Finally, we have built a lab environment in which we can test the GATT implementation of the phone independently of any Fitbit business logic (outside of Bitgatt).  We can simulate any tracker’s behavior and determine whether the mobile OS or our firmware behavior is at fault. We run automated regressions against Bitgatt, but we also try to test when mobile OS updates roll out to help us detect issues hopefully before our users.  There is probably another entire blog post on our testing around GATT, but I’ll leave that to another developer :-).

It all started here – BT4.0 … Android phones that use this are still out there …© Raimond Spekking / CC BY-SA 4.0 (via Wikimedia Commons)

Ideally, and perhaps idealistically, as Android BLE has been something of a tragedy of the commons with every application having access to every other application’s peripherals, being able to interact with the radio in unfettered ways, and consuming BLE bandwidth in any way they see fit, working together to utilize one or more quality libraries can help to reduce the bandwidth wasted through un-necessary scanning, applications fighting with each other and keeping the GATT queues healthy.  We hope that you find Bitgatt useful, even just for inspiration, and we look forward to collaborating with the Android community on BLE. Even if you are just looking to do something simple with BLE, it would be best to start using one of the existing BLE frameworks, as you will be able to spend more of your time on your own functionality and less troubleshooting someone else’s.
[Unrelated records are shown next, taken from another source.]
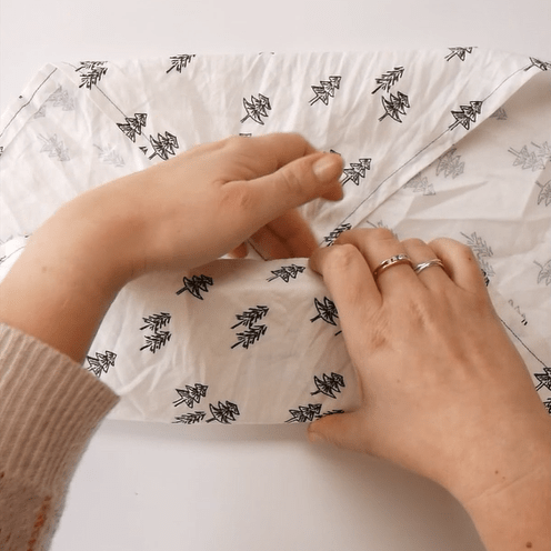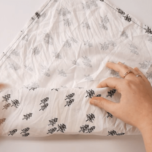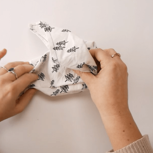 1. Commencez par poser le carré de tissu à plat, devant vous, de sorte qu’une des pointes du carré soit dirigée vers vous.
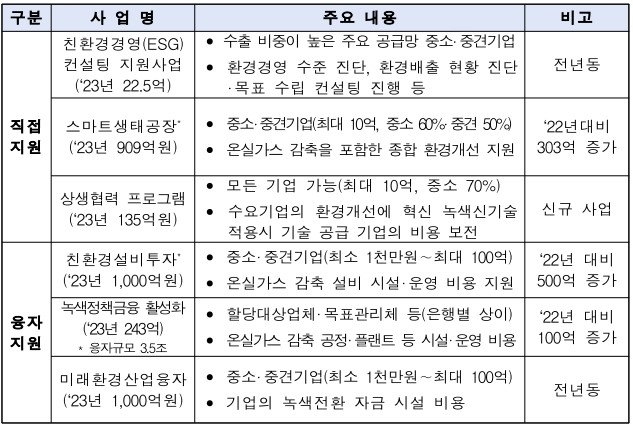 직접 지원사업은 국내 제조업체의 '친환경경영(ESG) 자문(컨설팅) 지원사업'을 필두로 환경설비 교체 등에 필요한 자금을 지원하는 '스마트 생태공장 구축지원'과 '상생협력 실증 프로그램'으로 구성됐다.
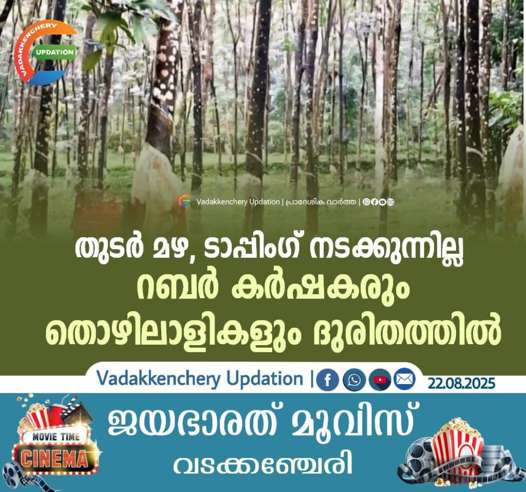 ടാപ്പിംഗ് തൊഴില് ഉപജീവനമാര്ഗമായിട്ടുള്ള തൊഴിലാളികളും മഴ മൂലം ദുരിതത്തിലാണ്. ഓണം അടുത്തെത്തിയതോടെ വലിയ ആശങ്കയിലാണ് ഇവർ.
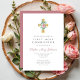 Elegant Pink Floral Cross First Holy Communion Invitation
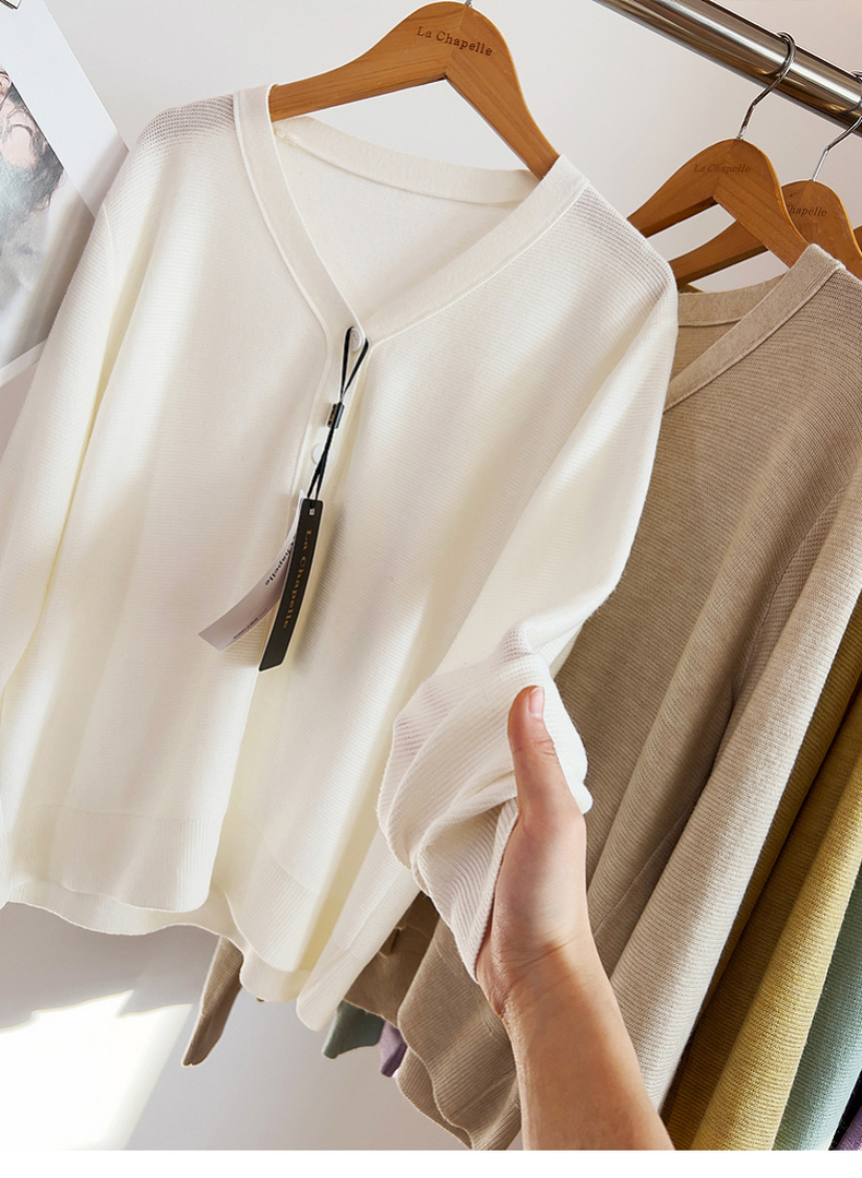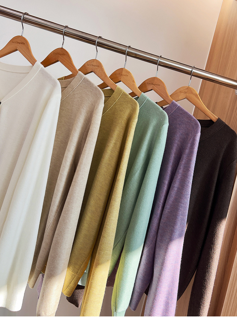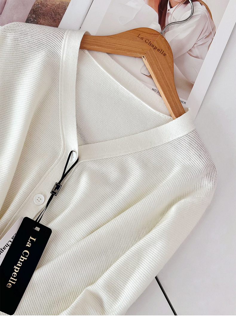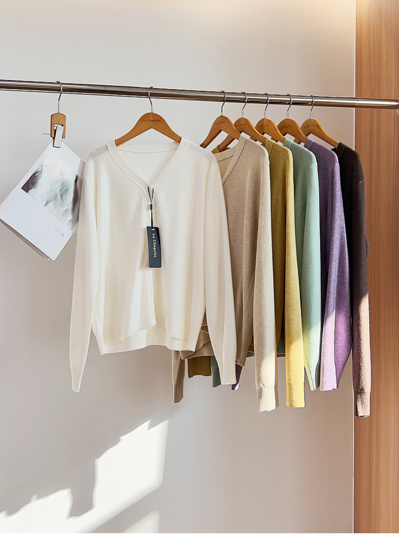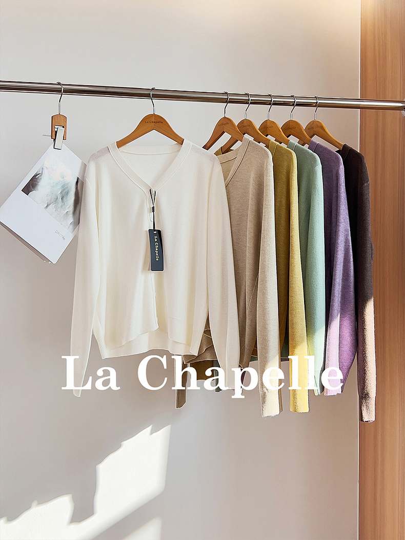 专柜实拍【绵羊毛~舒适柔软】拉夏贝尔/La Chapelle温柔松弛感!气质V领单排扣极简开衫百搭针织上衣
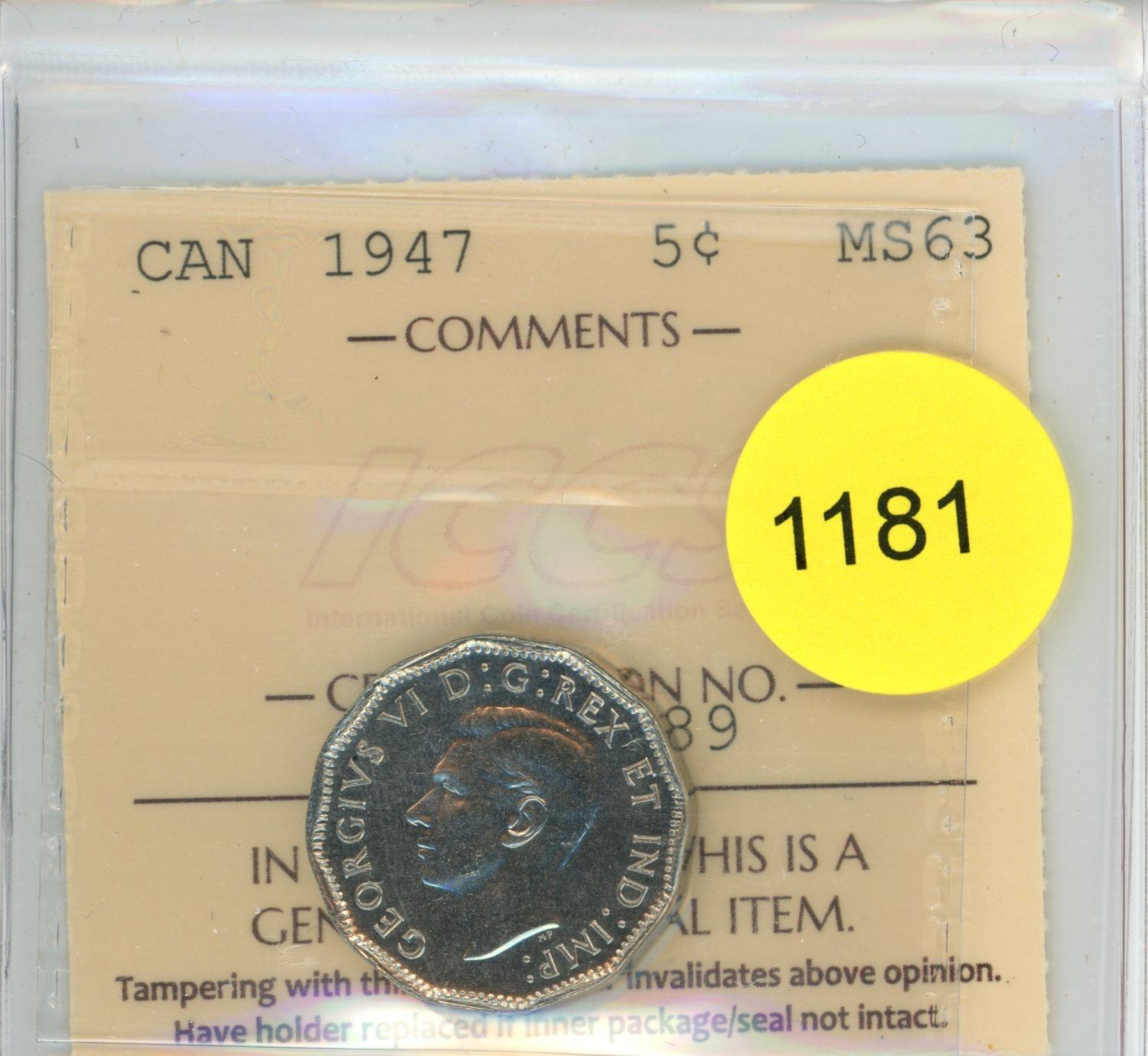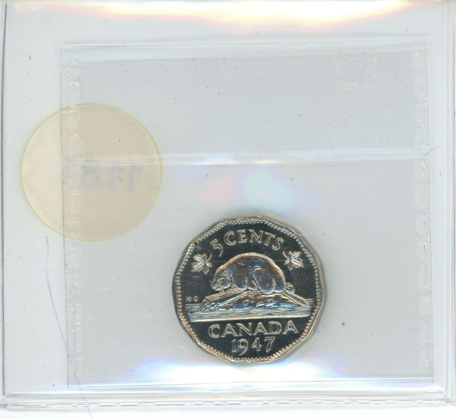 1947 MS63 ICCS Graded Canadian Five Cent Coin
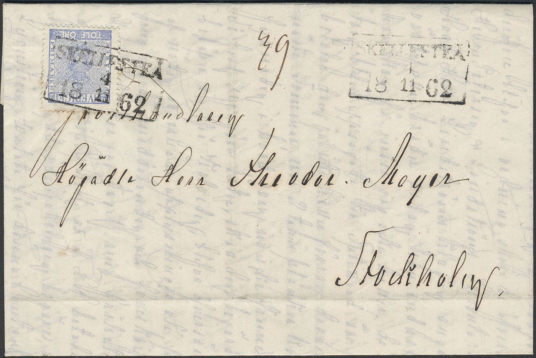 Sweden. Facit 9i on cover, 12 öre dull ultramarine. Vey beautiful cover sent from SKELLEFTEÅ 4.11.1862 to Stockholm.

Inevitably whatever your use of BLE you will ultimately expand your feature set and eventually find yourself where we were, understanding that this technology is deeply powerful, but also wildly complex.  We are still learning, and we hope that you will learn with us.

About the Author

Irvin Owens Jr – Principal Software Engineer.

Irvin has been working on Android at Fitbit for 4 years and has been focused on Bluetooth Low Energy for the past 3 years.  He has worked on everything from backend to full-stack, down to mobile, and embedded. He enjoys cycling around the Bay Area and playing basketball with his family. He is presently training (quaking silently) for an impending ride up Mt. Baldy, but he still may chicken out and settle for a metric century around the East Bay :-).

2 Comments   Join the Conversation

2 CommentsLeave a comment

  • Thanks for sharing the information on BLE. We are also facing the same problem with our Health device. We are thankful if you could provide more info on how we can use this library with our project.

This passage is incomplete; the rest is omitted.